Teknologi tanpa kabel alias wireless merambah ke berbagai produk digital, tidak terkecuali mouse. Sehingga dari namanya sudah bisa langsung ditebak jika jenis mouse komputer yang satu ini cara pengoperasiannya tidak membutuhkan kabel untuk dapat terhubung ke komputer.

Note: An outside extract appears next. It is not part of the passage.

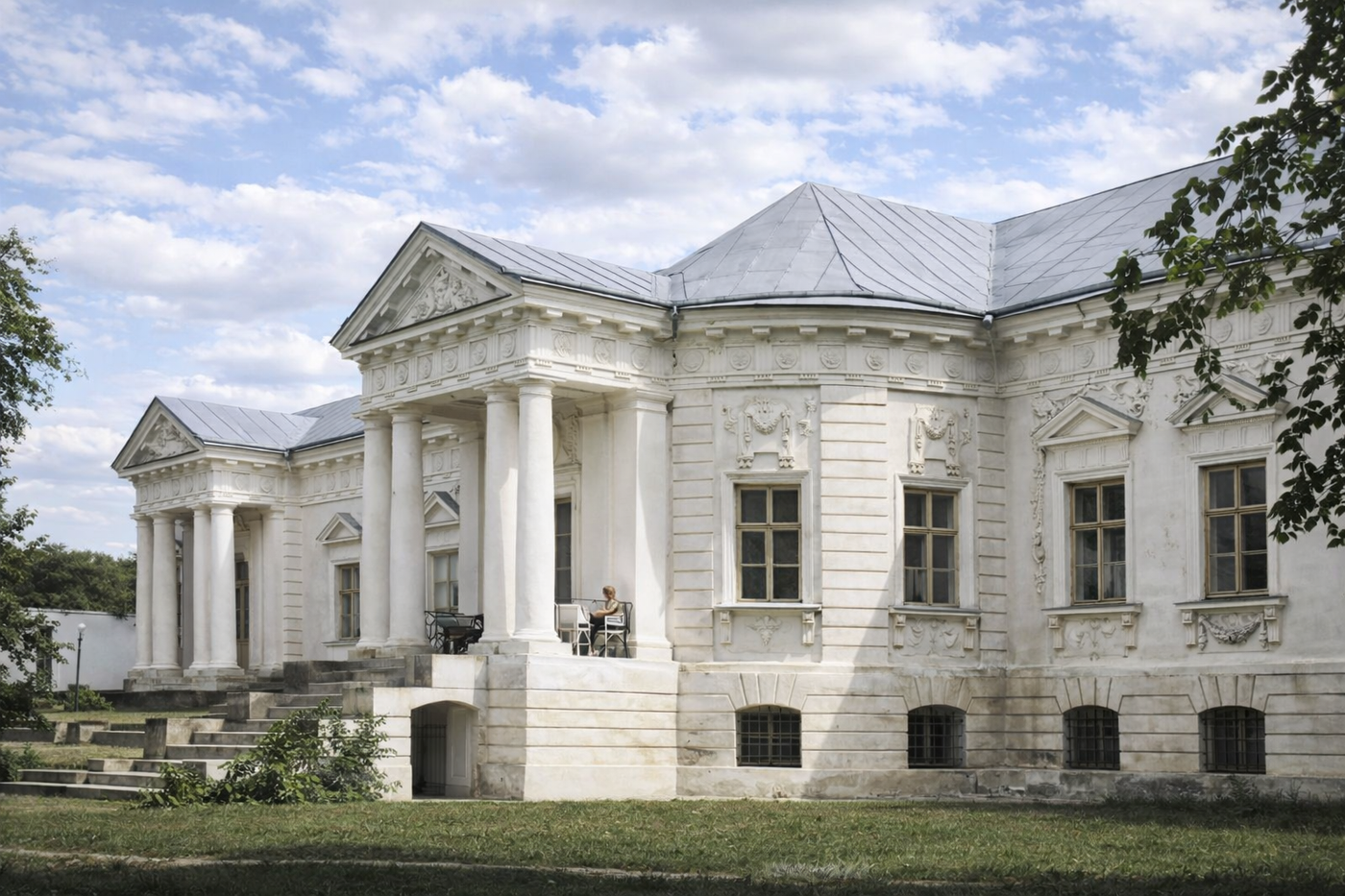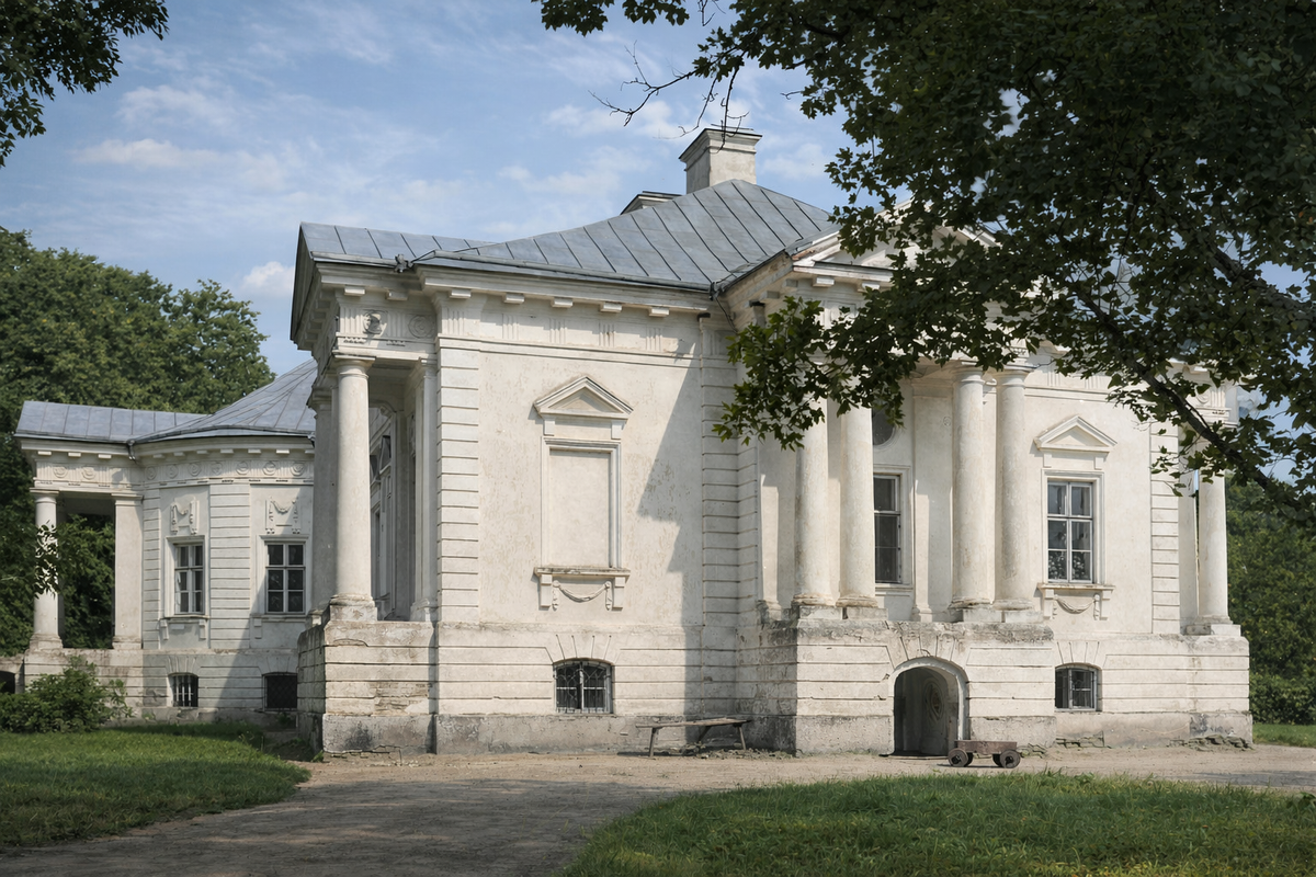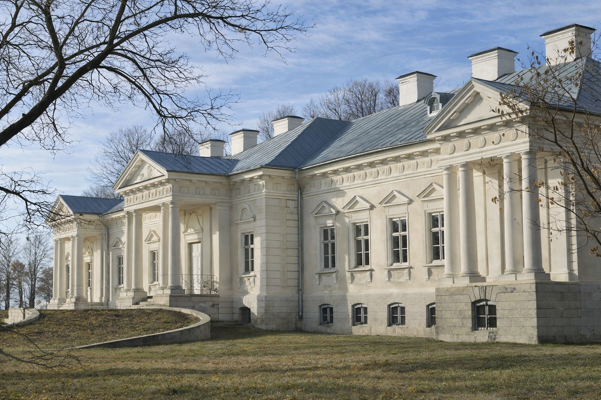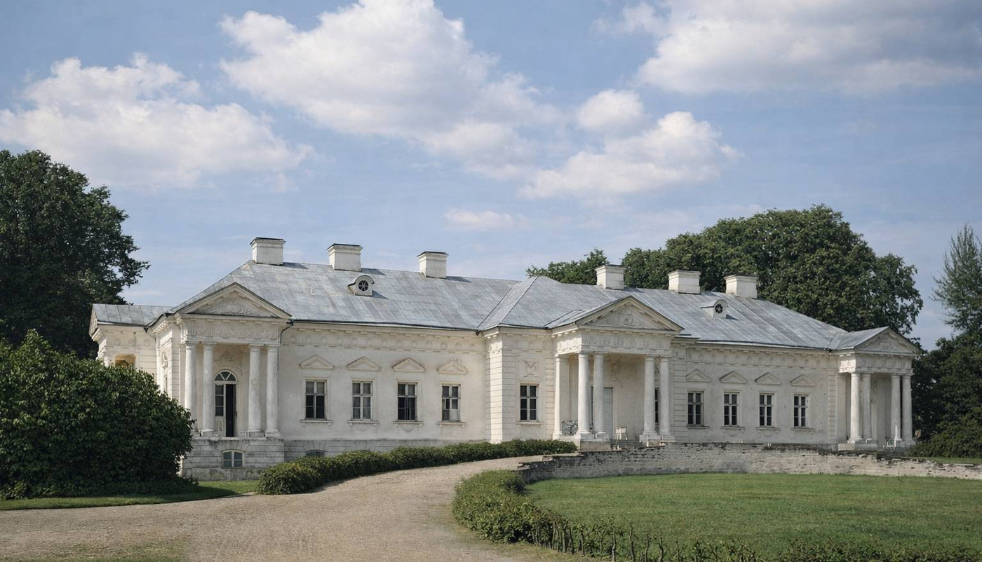 Дом выглядел аккуратно, но не поражал ни масштабом, ни архитектурой. И довольно быстро стало ясно: для амбиций Скирмунтов этого мало. Рядом закладывают новую парадную резиденцию — уже в духе строгого классицизма.

Dengan tidak menggunakan kabel, menjadikan pengoperasiannya lebih mudah, nyaman, praktis, rapi dan awet. Sedang kekurangan dari jenis mouse wireless adalah harganya yang lebih mahal, mudah hilang karena tidak memakai kabel serta masih harus disibukkan dengan mengganti baterai, karena kalau baterai habis mouse ini tidak bisa digunakan.

Sistem kerja dari Wireless Mouse sebenarnya sama dengan mouse yang menggunakan kabel. Hanya saja sinyal pergerakan sensor tidak ditransmisikan melalui kabel, namun disampaikan lewat pesan wireless yang ditangkap receiver device pada chip.

Biasanya, Wireless Mouse lebih sering digunakan untuk browsing, mengedit video, membuat desain grafis, membuat tulisan hingga bermain game. Setiap mouse memiliki kecepatan sensor yang berbeda, tergantung dari jenis mereknya juga.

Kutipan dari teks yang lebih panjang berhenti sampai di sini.